There is no expected performance or space saving benefit for reducing your n/var/char column definitions to their maximum length. However, there may be other benefits.
The column won't accidentally have a longer value inserted without generating an error (desirable for the "fail fast" characteristic of well-designed systems).
The column communicates to the next developer examining the table something about the data, that aids in understanding. No developer will be confused about the purpose of the data and have to expend wasted time determining if the code's field validation rules are wrong or if the column definition is wrong (as they logically should match).
If your column does need to be extended in length, you can do so with potential consequences ascertained in advance. A professional who is well-versed in databases can use the opportunity to see if upcoming values that will need the new column length will have a negative impact on existing rows or on query performance—as the amount of data per row affects the number of reads required to satisfy queries.
There is a column field1 varchar(32)
If I just store 'ABC' in this field, it takes 3 bytes. When SQL Server access this column and caches it in memory, how much memory does it take? 3 bytes or 32 bytes, and how to prove your answer?
Thanks in advance
SQL Server will not cache the column. It will cache the entire page that happen to contain the value, so it will always cache 8192 bytes. The location of the page is subject to things like in-row vs. row-overflow storage and whether the column is sparse or not.
Now a better question would be how much does such a value occupy in the page? The answer is again not straight forward because the value could be stored uncompressed, row-compressed, page compressed or column-compressed. Is true that row compression has no effect on varchar fields, but page compression does.

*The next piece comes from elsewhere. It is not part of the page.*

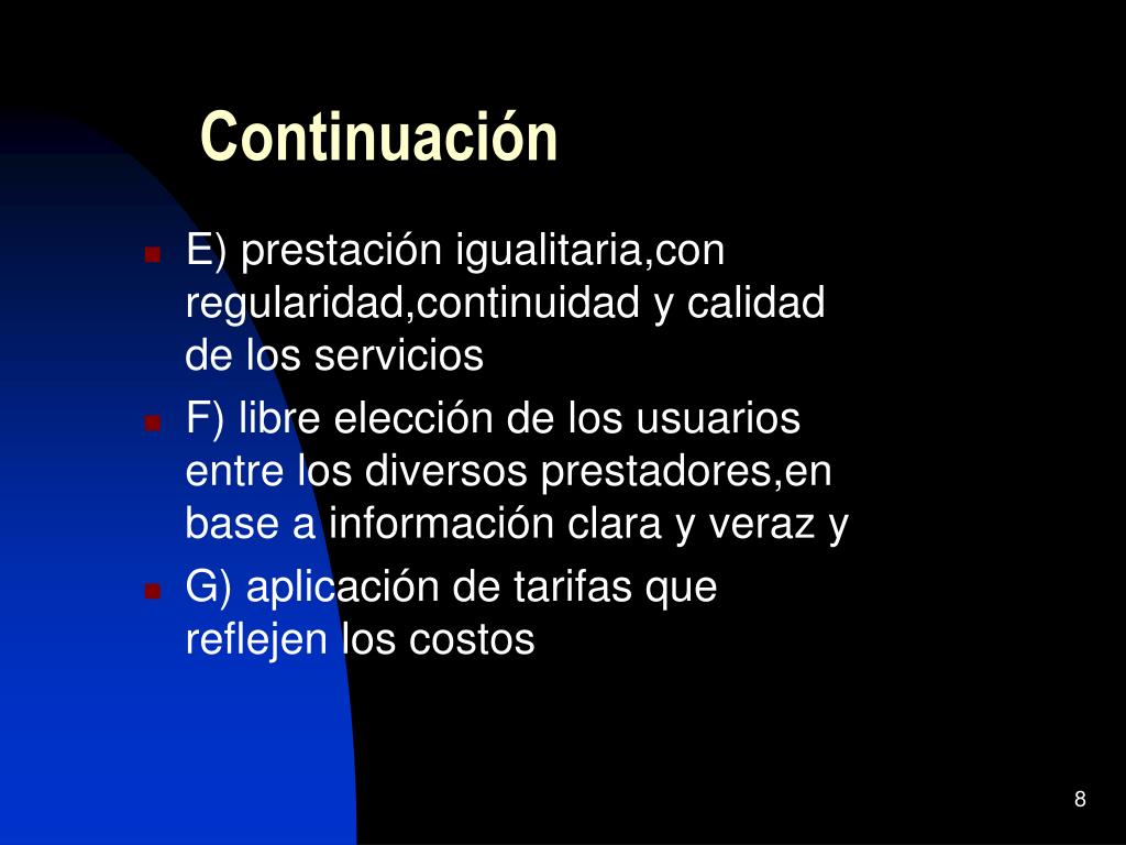 Continuación • E) prestación igualitaria,con regularidad,continuidad y calidad de los servicios • F) libre elección de los usuarios entre los diversos prestadores,en base a información clara y veraz y • G) aplicación de tarifas que reflejen los costos

Now for a straight forward way of answering how much storage does a varchar(32) type value occupy in-row in a non-compressed table the best resource is Inside the Storage Engine: Anatomy of a record. After you read Paul Randal's article you will be able to answer the question, and also prove the answer.

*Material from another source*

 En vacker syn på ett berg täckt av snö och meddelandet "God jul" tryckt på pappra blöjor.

In addition you must consider any secondary index that has this column as a key or includes this column.
50% of their declared size on average. There is a lot documentation on this. Here is where I pulled this from How are varchar values stored in a SQL Server database?
I have an issue where I have one column in a database that might be anything from 10 to 10,000 bytes in size. Do you know if PostgreSQL supports sparse data (i.e. will it always set aside the 10,000 bytes fore every entry in the column ... or only the space that is required for each entry)?
Postgres will store long varlena types in an extended storage called TOAST.
In the case of strings, it keep things inline up to 126 bytes (potentially means less 126 characters for multibyte stuff), and then sends it to the external storage.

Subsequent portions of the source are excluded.